WORK REQUIRED: The records below must be written out exactly, with every picture left behind.

Data extracted from a collection
* * *

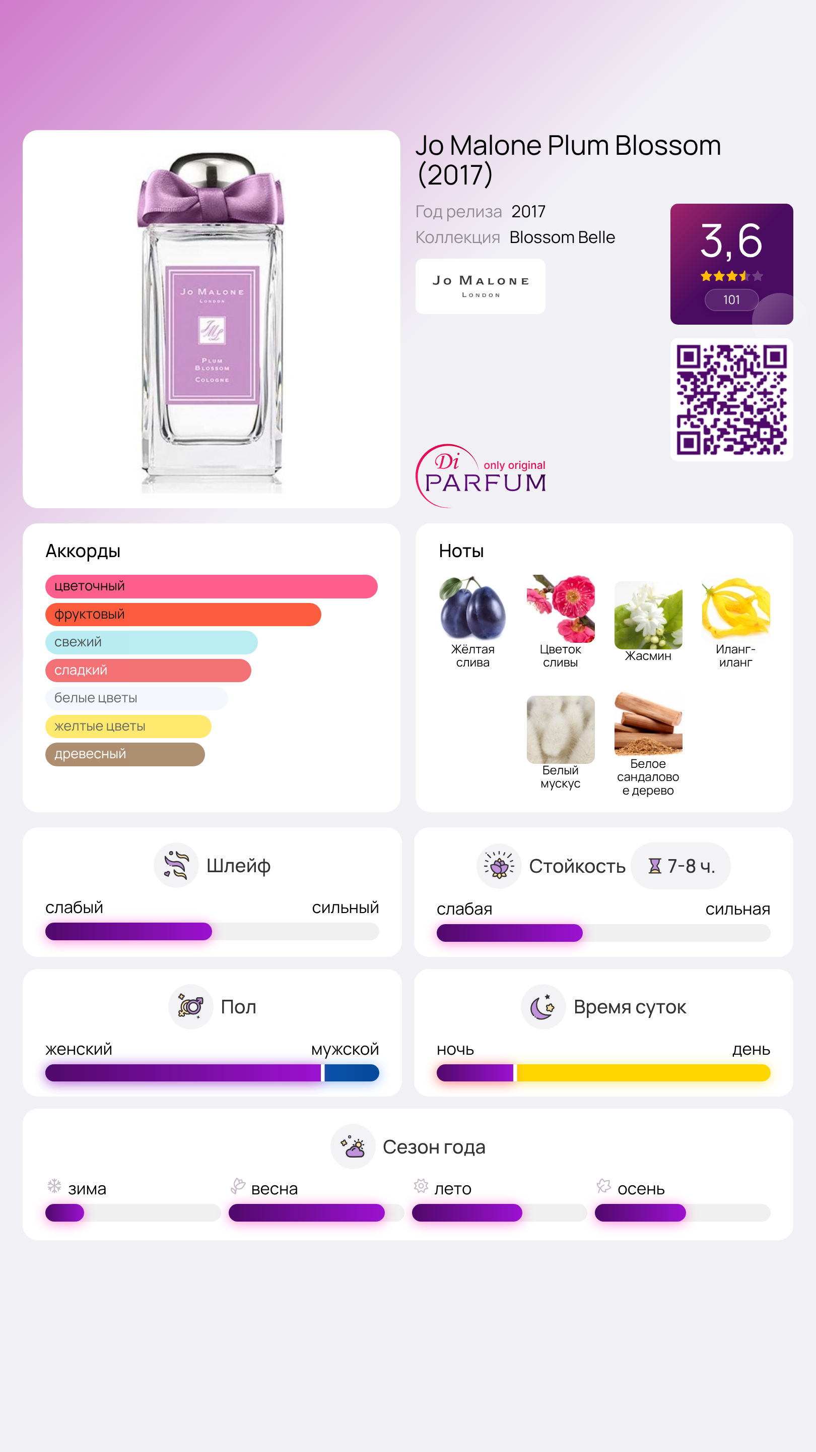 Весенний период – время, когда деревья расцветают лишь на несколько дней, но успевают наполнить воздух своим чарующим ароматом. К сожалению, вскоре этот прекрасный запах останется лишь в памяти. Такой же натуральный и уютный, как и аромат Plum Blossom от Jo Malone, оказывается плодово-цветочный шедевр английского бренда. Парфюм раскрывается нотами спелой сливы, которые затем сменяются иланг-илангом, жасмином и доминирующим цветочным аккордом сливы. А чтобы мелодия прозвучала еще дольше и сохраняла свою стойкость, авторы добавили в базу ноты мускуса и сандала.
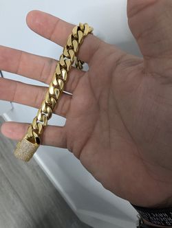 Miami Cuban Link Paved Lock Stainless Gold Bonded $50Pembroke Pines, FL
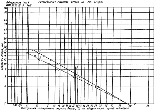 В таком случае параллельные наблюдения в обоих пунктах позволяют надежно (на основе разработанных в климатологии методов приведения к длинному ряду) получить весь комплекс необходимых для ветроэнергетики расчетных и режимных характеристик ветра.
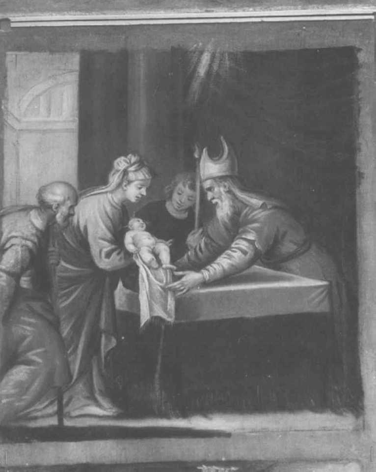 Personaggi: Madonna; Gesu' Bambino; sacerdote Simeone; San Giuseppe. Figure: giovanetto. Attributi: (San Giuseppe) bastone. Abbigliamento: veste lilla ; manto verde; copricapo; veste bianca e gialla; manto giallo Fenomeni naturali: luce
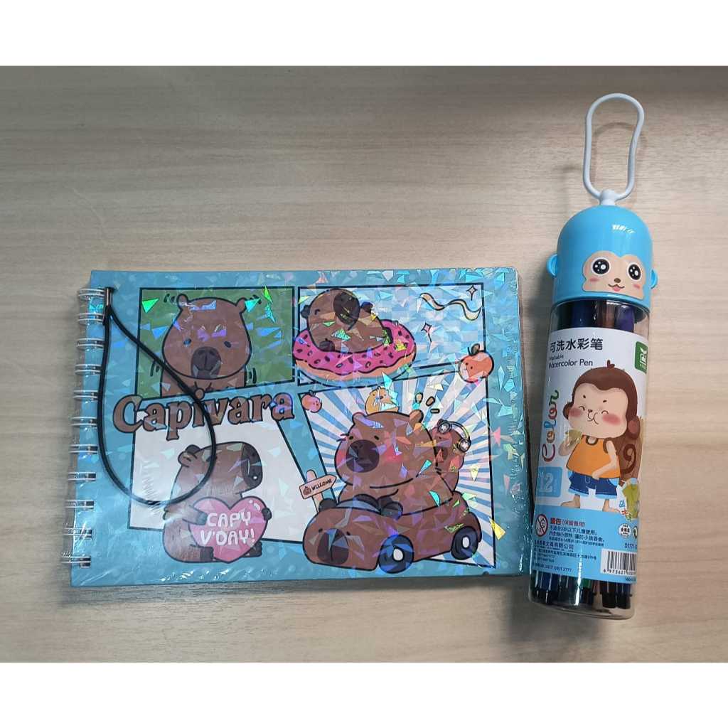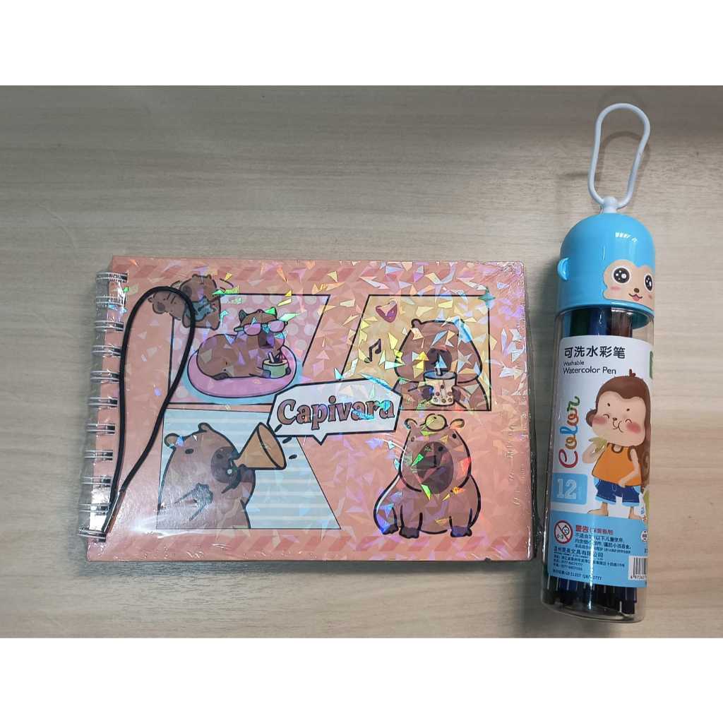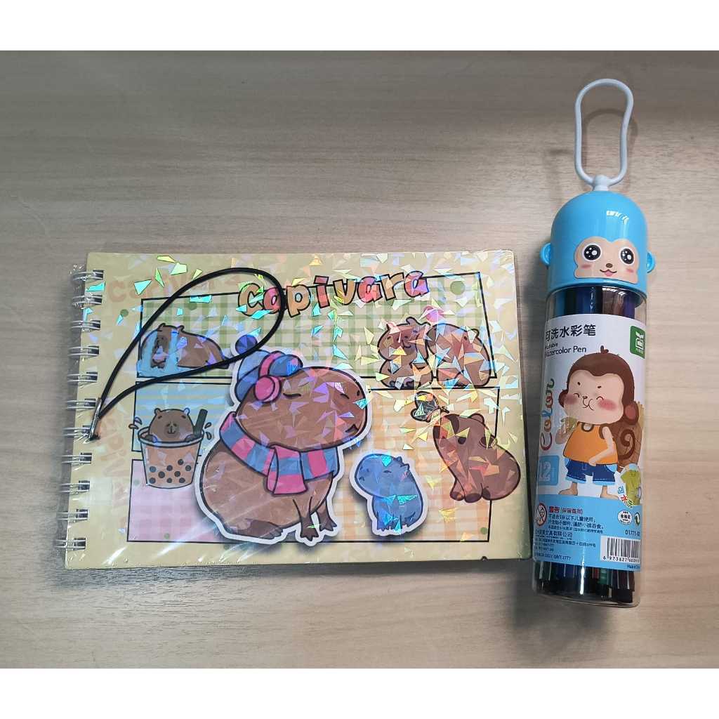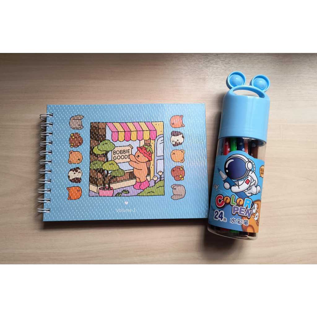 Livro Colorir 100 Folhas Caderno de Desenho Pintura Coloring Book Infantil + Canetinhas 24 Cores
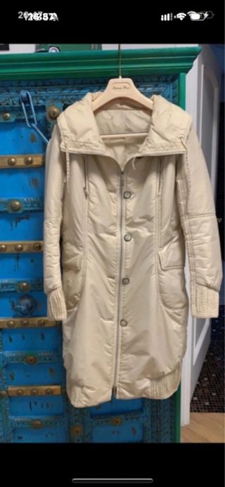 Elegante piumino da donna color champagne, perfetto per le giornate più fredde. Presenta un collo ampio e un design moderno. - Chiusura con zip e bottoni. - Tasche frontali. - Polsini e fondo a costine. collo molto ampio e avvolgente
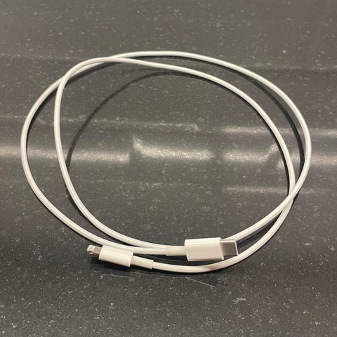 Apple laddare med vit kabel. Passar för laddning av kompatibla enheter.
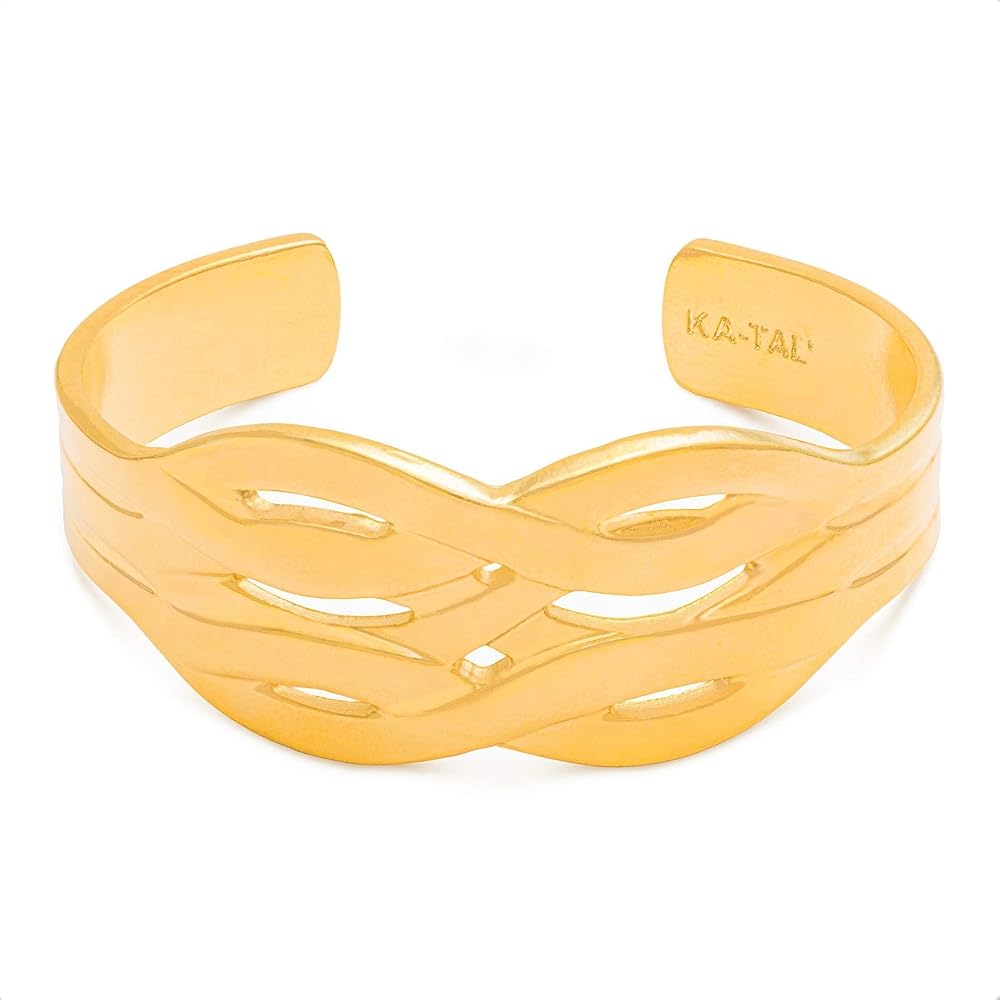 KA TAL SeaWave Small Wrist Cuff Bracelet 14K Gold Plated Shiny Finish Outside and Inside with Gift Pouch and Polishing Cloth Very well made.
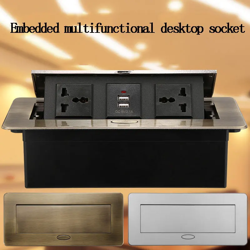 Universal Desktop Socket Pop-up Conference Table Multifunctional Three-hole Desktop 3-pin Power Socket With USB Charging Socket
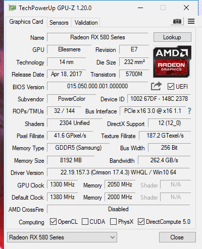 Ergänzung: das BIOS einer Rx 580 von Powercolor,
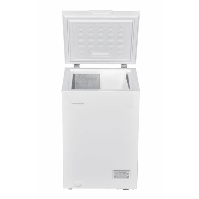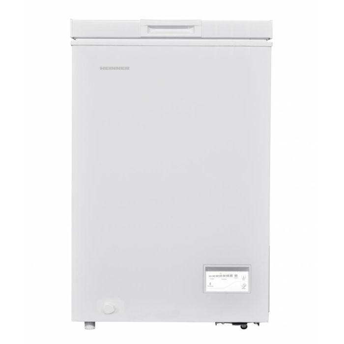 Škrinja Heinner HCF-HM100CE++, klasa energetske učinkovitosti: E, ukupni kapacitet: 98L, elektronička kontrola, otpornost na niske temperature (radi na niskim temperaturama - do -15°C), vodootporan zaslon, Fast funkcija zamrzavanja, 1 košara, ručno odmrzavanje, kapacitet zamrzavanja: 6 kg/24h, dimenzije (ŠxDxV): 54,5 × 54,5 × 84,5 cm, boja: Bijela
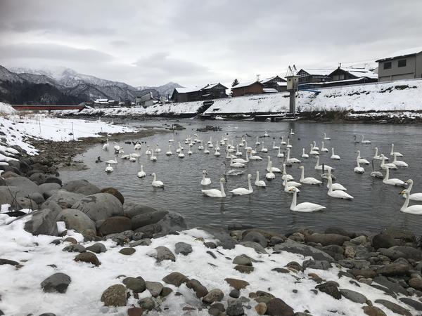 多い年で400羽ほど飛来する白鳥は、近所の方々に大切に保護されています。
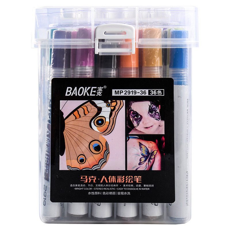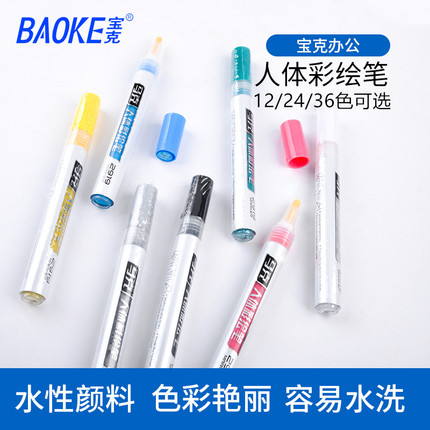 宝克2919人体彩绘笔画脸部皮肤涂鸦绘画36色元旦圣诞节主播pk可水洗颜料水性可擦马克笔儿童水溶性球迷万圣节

* * *

EXERCISE ANSWER:
 Весенний период – время, когда деревья расцветают лишь на несколько дней, но успевают наполнить воздух своим чарующим ароматом. К сожалению, вскоре этот прекрасный запах останется лишь в памяти. Такой же натуральный и уютный, как и аромат Plum Blossom от Jo Malone, оказывается плодово-цветочный шедевр английского бренда. Парфюм раскрывается нотами спелой сливы, которые затем сменяются иланг-илангом, жасмином и доминирующим цветочным аккордом сливы. А чтобы мелодия прозвучала еще дольше и сохраняла свою стойкость, авторы добавили в базу ноты мускуса и сандала.
 Miami Cuban Link Paved Lock Stainless Gold Bonded $50Pembroke Pines, FL
 В таком случае параллельные наблюдения в обоих пунктах позволяют надежно (на основе разработанных в климатологии методов приведения к длинному ряду) получить весь комплекс необходимых для ветроэнергетики расчетных и режимных характеристик ветра.
 Personaggi: Madonna; Gesu' Bambino; sacerdote Simeone; San Giuseppe. Figure: giovanetto. Attributi: (San Giuseppe) bastone. Abbigliamento: veste lilla ; manto verde; copricapo; veste bianca e gialla; manto giallo Fenomeni naturali: luce
 Livro Colorir 100 Folhas Caderno de Desenho Pintura Coloring Book Infantil + Canetinhas 24 Cores
 Elegante piumino da donna color champagne, perfetto per le giornate più fredde. Presenta un collo ampio e un design moderno. - Chiusura con zip e bottoni. - Tasche frontali. - Polsini e fondo a costine. collo molto ampio e avvolgente
 Apple laddare med vit kabel. Passar för laddning av kompatibla enheter.
 KA TAL SeaWave Small Wrist Cuff Bracelet 14K Gold Plated Shiny Finish Outside and Inside with Gift Pouch and Polishing Cloth Very well made.
 Universal Desktop Socket Pop-up Conference Table Multifunctional Three-hole Desktop 3-pin Power Socket With USB Charging Socket
 Ergänzung: das BIOS einer Rx 580 von Powercolor,
 Škrinja Heinner HCF-HM100CE++, klasa energetske učinkovitosti: E, ukupni kapacitet: 98L, elektronička kontrola, otpornost na niske temperature (radi na niskim temperaturama - do -15°C), vodootporan zaslon, Fast funkcija zamrzavanja, 1 košara, ručno odmrzavanje, kapacitet zamrzavanja: 6 kg/24h, dimenzije (ŠxDxV): 54,5 × 54,5 × 84,5 cm, boja: Bijela
 多い年で400羽ほど飛来する白鳥は、近所の方々に大切に保護されています。
 宝克2919人体彩绘笔画脸部皮肤涂鸦绘画36色元旦圣诞节主播pk可水洗颜料水性可擦马克笔儿童水溶性球迷万圣节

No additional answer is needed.